The learned JUSTICE, after stating that when the treaty-makers intended to commit the administration of estates of citizens of one country dying in another exclusively to the consul of the foreign nation, they would do so in unmistakable terms, added: "For instance, when that was the purpose, as in the treaty made with Peru in 1887, it was declared in Article 33 as follows" — that article being then set out. But by reference to it, it will be seen that it was only "until the conclusion of a consular convention, which the high contracting parties agreed to form as soon as may be mutually convenient." After the quotation of that part of the treaty with Peru, the opinion proceeds, in a separate paragraph: "And in the convention between the United States and Sweden, proclaimed March 20, 1911, it is provided" — then follows the quotation from the treaty with Sweden. He did not repeat in terms what he had said of the Peru treaty, but if that must be inferred from what he did say, he did not suggest or intimate that the treaty with Peru or Sweden had any binding effect on the case then before the Court, for indeed we understand that the one with Peru had terminated in November, 1899, and the one with Sweden had not been made when the California case began in the lower courts.
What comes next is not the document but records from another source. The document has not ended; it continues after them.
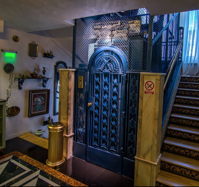 Much has changed – but not everything: the 1930’s lift shaft (the lift itself is recent)
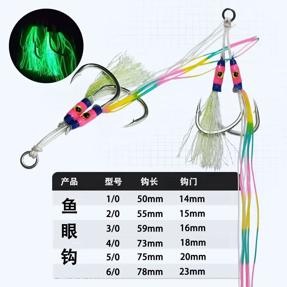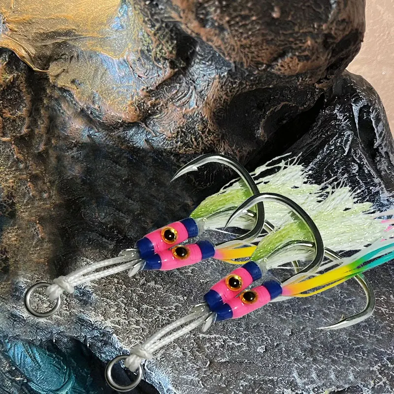 Jjg-anzuelos de pesca con doble púas, señuelo de pesca en el mar, anzuelo de Lucio brillante, anzuelos de Jigging lento/rápido, 10 pares
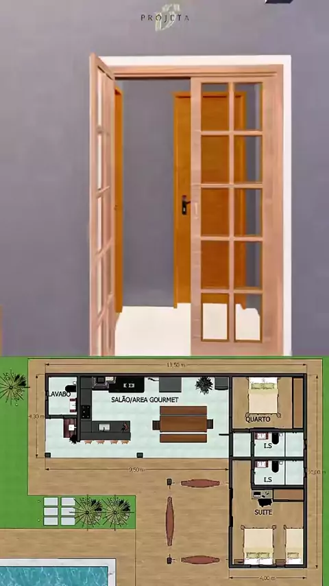 PROJETO P070 INVERTIDA - Edicula com 2 suítes Esse é vários outros modelos de projetos já disponível em nosso site! WWW.DSPROJETA.COM.BR #casadecampo #chacara #rancho #sitio #rustico
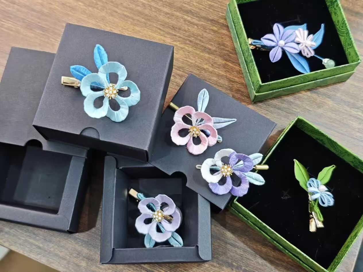 指尖的丝线渐渐成型,活动也接近尾声。大家将完成的缠花作品别在发簪、胸针上,带着满心欢喜与亲手造物的成就感,用相机记录下捧着作品的雀跃瞬间。回望这场指尖之约,让各位志愿者们沉浸于丝线缠绕的细腻触感,在一针一线中感受传统手艺的温度,解锁非遗传承与美育熏陶的双重体验。

The learned JUSTICE would not, therefore, have construed the treaty with Sweden in a case in which it was in nowise involved, and, of course, the other members of the Court were not called upon to do so, and the Court can not be said to have placed any construction upon it, but what was said was by way of illustration simply. That treaty can, therefore, be properly construed by us without danger of coming in conflict with a decision of that high tribunal, or lessening the force and reasoning of the opinion on the question decided.
If the last sentence in the paragraph of the treaty with Sweden referred to was not qualified by the prior language, it might well be contended that it was the intention to give the Consul-General, or other persons named, the exclusive right to administer, but we can not believe that the treaty-makers would have inserted the clause, "so far as the laws of each country will permit," for the purpose of merely limiting the right to take charge of property left by the deceased, "pending the appointment of the administrator, and until letters have been granted," without intending that it was to be applicable to the right to be appointed administrator — especially if that right be exclusive. Such a right would very materially interfere with the laws of some of the States, including Maryland, and would be very inconvenient and sometimes occasion losses to estates of the subjects of the countries affected by such treaties, if a Consul-General, or other persons named, could demand that letters granted to others be revoked on the ground that he had the exclusive right to administer. If the Consul-General, or others named, had the exclusive right to administer, it was not necessary, at least in most cases, to give such persons the right to take charge of the estate pending the appointment of an administrator and until letters of administration are granted, for the same persons are mentioned in the one case as in the other, and instead of a Consul-General, or his representative, taking charge of the property temporarily, he could qualify at once as administrator.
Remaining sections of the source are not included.